Words by Allegra Salvadori
Amsterdam is a city of contrasts — medieval rooftops reflected in glass towers, Belle Époque theatres set against industrial shipyards. For Esra Lemmens, design strategist and curator, this duality is what makes it endlessly inspiring. “What I love about Amsterdam is how the city constantly shifts between eras — you walk from centuries of history straight into bold contemporary statements. That duality is what inspires me most.”

Her Amsterdam design guide begins in the stillness of Museum Voorlinden, just beyond the city limits. A minimalist building dissolves into the surrounding landscape, slowing her pace and sharpening her gaze. “It makes me really see both the art and nature together,” she says. Opened in 2016 by King Willem-Alexander, Museum Voorlinden is home to the Caldic Collection, the Netherlands’ largest private art collection, and has hosted exhibitions by artists such as Giuseppe Penone, Alex Katz, Anselm Kiefer, and Ron Mueck. Back in town, the Rijksmuseum carries an entirely different weight. For Esra, Pierre Cuypers’ neo-Gothic architecture is more than a frame for masterpieces: “Every archway feels like it carries the Dutch spirit.”

From there, Amsterdam turns theatrical. At the Royal Theater Tuschinski, a symphony of stained glass, carved wood, and velvet ornament envelops visitors in a true gesamtkunstwerk (a total work of art).

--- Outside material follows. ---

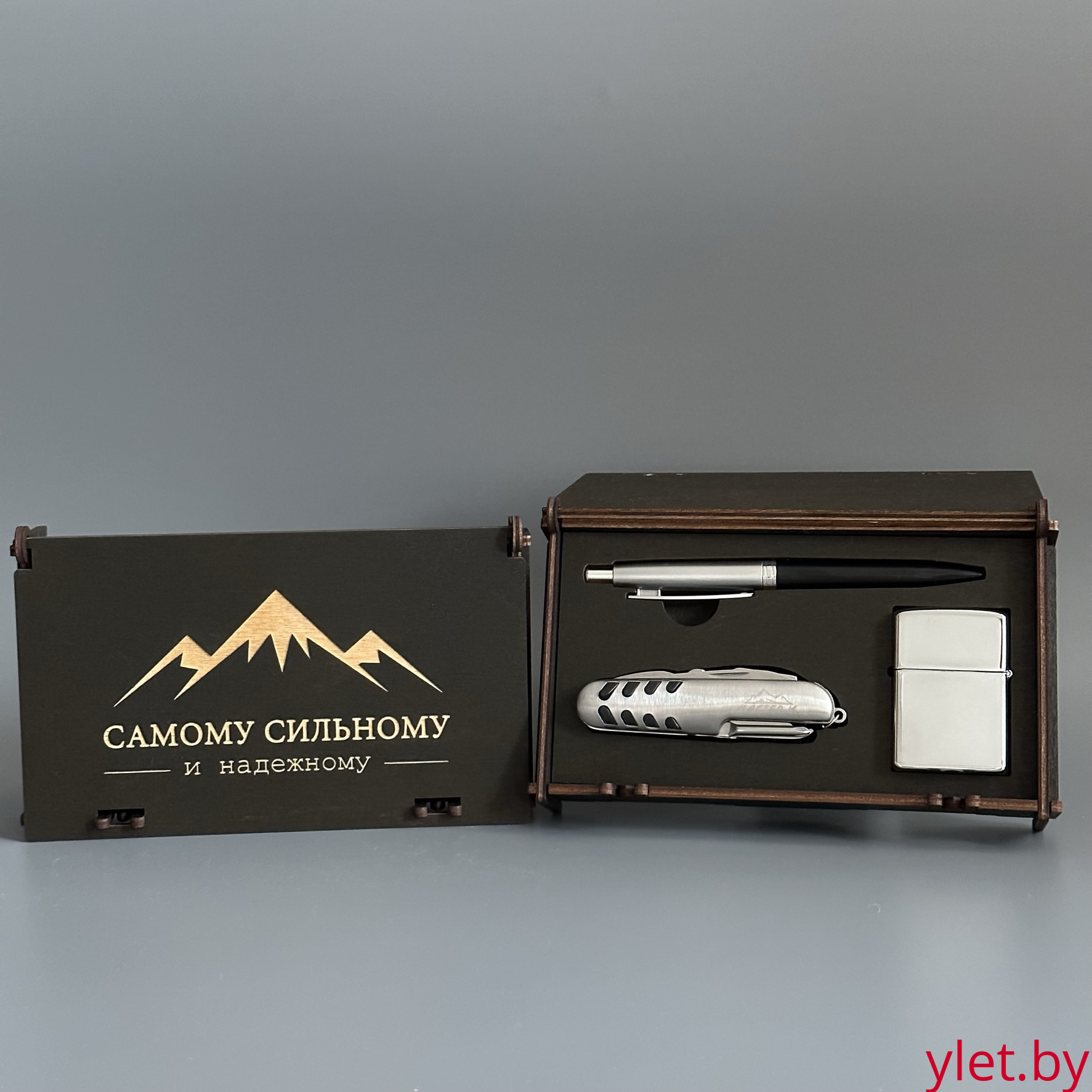 Подарочный набор "Самому сильному и надежному" горы (Ручка, бензиновая зажигалка, мультитул)

Across the IJ, the futuristic Eye Filmmuseum gleams white against the water, a reminder that in this city architecture is never static — it changes with the light, it merges with its site, it breathes.

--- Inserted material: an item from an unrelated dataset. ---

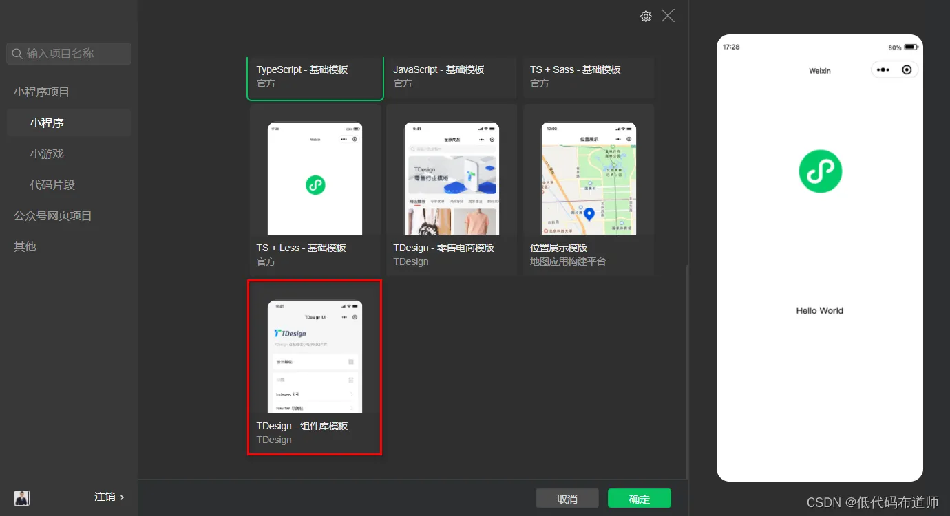 打开微信开发者工具,在新建项目的时候,选择官方提供的模板

Cultural life in Amsterdam, Esra explains, is defined by experiment. “Amsterdam’s cultural spaces always strike me as laboratories — places where ideas are tested, heritage reimagined, and communities brought together.” The Stedelijk Museum captures that tension in its very skin, where 19th-century brick collides with a daring white “bathtub” extension. The vast NDSM Wharf, once a shipyard, is now a playground for artists and graffiti — raw, messy, alive.
OODE Gallery in Amsterdam gives a second life to “orphaned art” — works once housed in museums but deaccessioned and placed in storage. By curating these forgotten pieces alongside contemporary design objects, the gallery creates a dialogue between past and present. Its concept highlights the cultural and emotional value of art that might otherwise remain unseen, turning absence into renewed relevance.


For Esra, shopping is no less curatorial. “What fascinates me about Dutch design is its mix of wit and pragmatism. We love to provoke, but always with a sense of purpose.” At Droog, the collective where her own career began, she still finds work that is clever, irreverent, and meaningful. At The Frozen Fountain, she wanders into surprise, discovering collectible furniture alongside emerging designers’ experiments. And at Extreme Cashmere, Amsterdam’s practicality becomes fashion: a flagship conceived as a walk-in closet, where trying on clothes feels like being at home.

Dining, too, is inseparable from design. In the Belle Époque splendour of The Duchess, a former bank vault glitters with chandeliers, turning dinner into theatre. The Café Americain hums with Art Deco detailing and the rhythm of locals, while The Plantage offers greenhouse serenity — light, plants, and calm in the heart of the city. At Soho House Café, layered interiors and an international creative crowd reflect Amsterdam’s cosmopolitan spirit.


Even her retreats carry a design imprint. At the Hortus Botanicus, monumental palms rise beneath futuristic glass extensions, an architectural frame for calm. And at Arti et Amicitiae, a historic artists’ society, cultural heritage becomes a private refuge from the city’s buzz.

Esra insists that even hotels in Amsterdam tell stories. At the Conservatorium, a glass atrium slices through neo-Gothic stone, harmonising old and new. The Andaz Amsterdam, designed by Marcel Wanders, feels like stepping inside his imagination — witty, theatrical, steeped in Dutch symbols. And then Hotel Droog, an insider’s secret: a single suite perched above a design store, blurring the very definition of hospitality.


Her Amsterdam is not a postcard of canals and bicycles, but a living experiment — a city where heritage and provocation coexist, where galleries and cafés test new ideas, and where even a hotel can be a design manifesto. As she puts it: “Amsterdam inspires because it never stands still.”